If you dissent from such edicts, you are now guilty of misinformation (the modern word for heresy), and you might be deplatformed or lose your livelihood and friends (excommunicated). These super rational non-believers went along with forced injections at the behest of pharmaceutical conglomerates, and when it was obvious the injections didn’t work to stop the spread, they pivoted to nonsense about “occupying ICU beds” in accordance with the new commands of their church.

We were told we could take off our masks while eating in restaurants but had to put them on again while getting up to use the restroom. And we weren’t supposed to gather in large numbers, except for the George Floyd protests because racism was “the real pandemic.” And people swallowed this because, after all, it was Science, not some kind of primitive, superstitious backwards religion.

But the illogic and abuse of sense-making wasn’t just restricted to covid. The two-plus-two-equals five brigade told us a woman could have a penis, men could get pregnant, that biological males belonged in women’s locker rooms and sports competitions if they self-identified as such. I view these deliberate distortions of reality as loyalty tests of sorts — if you can defend the indefensible, you are surely a trusted comrade.

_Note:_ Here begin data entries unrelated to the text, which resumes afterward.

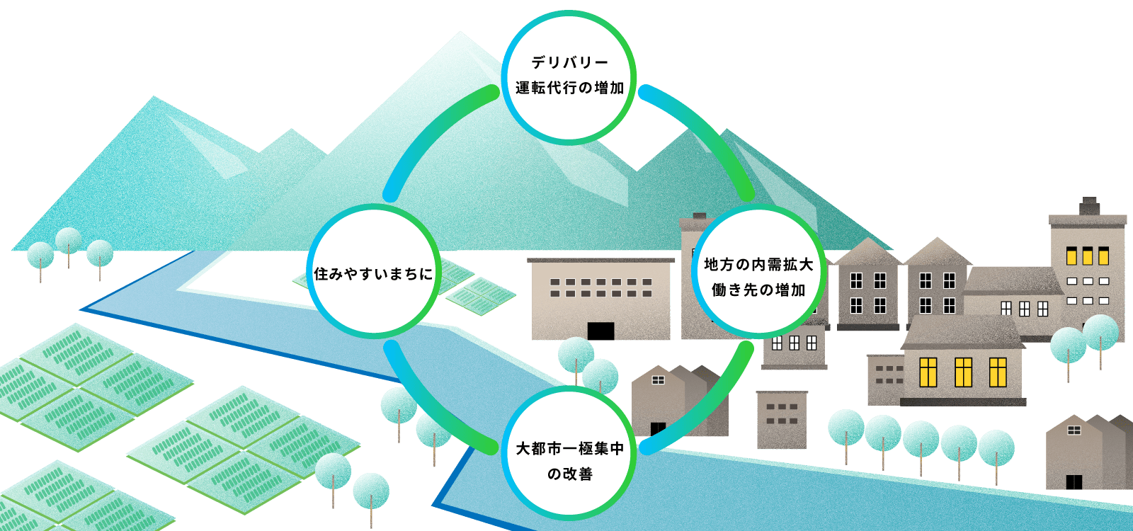 地方で慢性的に不足している「運転代行サービス」や「宅配デリバリー」を補いながら、飲食店の新たな収益源となる仕組みを構築しました。
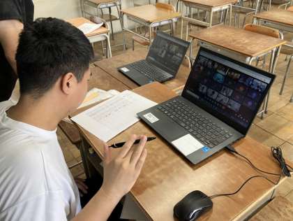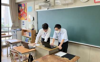 各学級の生徒たちはタブレットのクラスルームに8時15分頃より入り始め、8時半の朝学活開始時間までにはほぼ全員が入室していました。学活では今日一日のスケジュールの確認等を行っていました。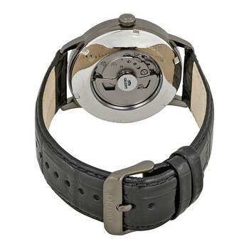 Black ion-plated stainless steel case with a black leather strap. Fixed black ion-plated bezel. Black (open heart) dial with rose gold-tone hands and index hour markers. Minute markers around the outer rim. Dial Type: Analog. Orient calibre F6T22 automatic movement with a 40-hour power reserve. Scratch resistant mineral crystal. Pull / push crown. Transparent case back. Round case shape. Case size: 41 mm. Case thickness: 12 mm. Band width: 21 mm. Tang clasp. Water resistant at 50 meters / 165 feet. Functions: hour, minute, second. Casual watch style. Watch label: Japan Movt. Orient Open Heart Automatic Black Dial Men's Watch FAG02001B0.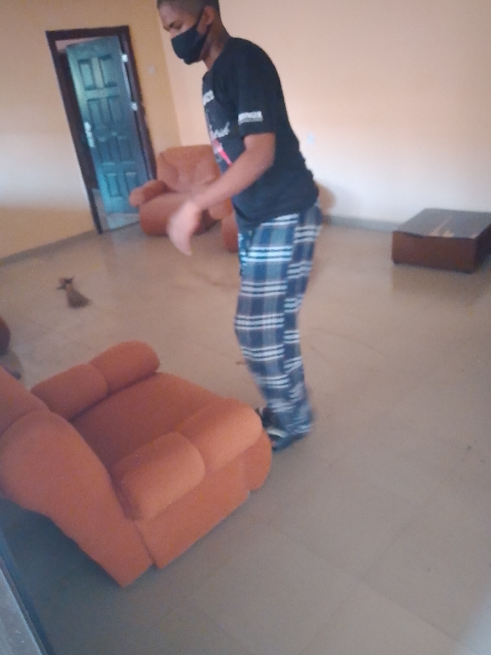 In a living room, a person wearing a black shirt, plaid pants, and a black mask stands near an orange armchair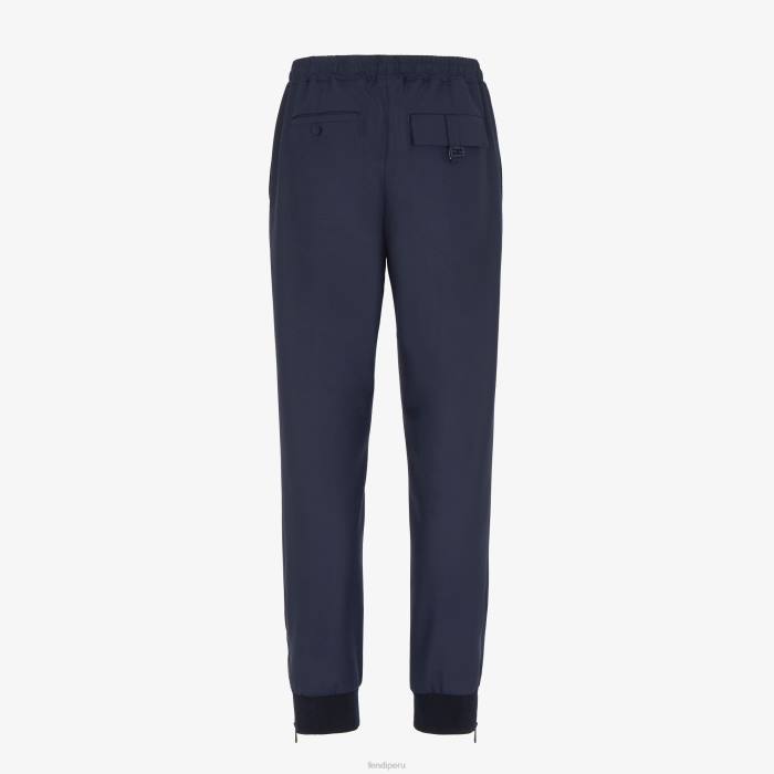 Fendi hombres pantalones de lana 2LH8E2094 vestir azul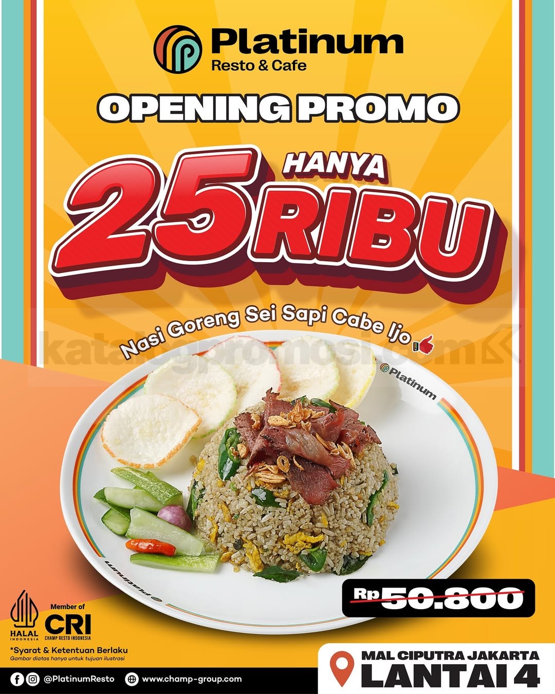Promo Platinum Resto & Cafe Grand Opening Nasi Goreng Sei Sapi Cabe Ijo Rp 25Ribu, nikmati menu best seller hanya Rp.25.000, berlaku 17โ30 November 2025

My experience objecting to this new merger of Science with the whims of the party has been eye opening. Quite often those who were most ruthless in mocking and gaslighting people like me were from my own social circle — college educated liberals, laptop class professionals, those who use words and spread sheets for a living.

And many of those standing up for civil liberties and personal autonomy were not who I would have expected. Wealthy people who didn’t depend on their peers’ good graces to live comfortably, it turns out, were often cowardly beyond belief. Academia, which purports to value truth and open inquiry, were among the most compliant, in many cases enforcers of the party dogmas to the point of abetting the US government in illegally censoring dissent. Even some of those I had most thought of as independent thinkers like Nassim Taleb, Noam Chomsky and “the bad boy of radio” during my formative years, Howard Stern, capitulated abjectly and totally.

So who was willing to resist authoritarianism? Who had the back of the ordinary citizen that simply didn’t want to inject himself with experimental chemicals because someone in a lab coat said so? On my timeline it was disproportionately Christians. People with profiles like “God and family,” “Jesus is No. 1,” and “Follower of Christ.”

Apparently they believe in something bigger than the State and its power, which is why one of the aims of Soviet Russia was to supplant Christianity (and other religions) with state atheism. It’s harder to control people who bow to something other than earthly might. If Jesus went to the cross for them, surely they could endure the wrath of their employers, condemnation by their government, vitriol by all the good people who knew for certain what was best for us.

The roles were now reversed. Instead of the Christian Right being the joyless scolds who knew what was best for me, they became a bulwark against the indoctrinated technocrats doing the same.

What a relief to have such a large swath of the population so resilient to the corrupting forces of the State. That is not to say Christians are perfect people just by virtue of believing or to paint an unrealistic picture of them, only that when the Big Bribe was offered, a large number of them had the wherewithal to turn it down.

As I said, I am not a Christian, but I am sure glad they exist.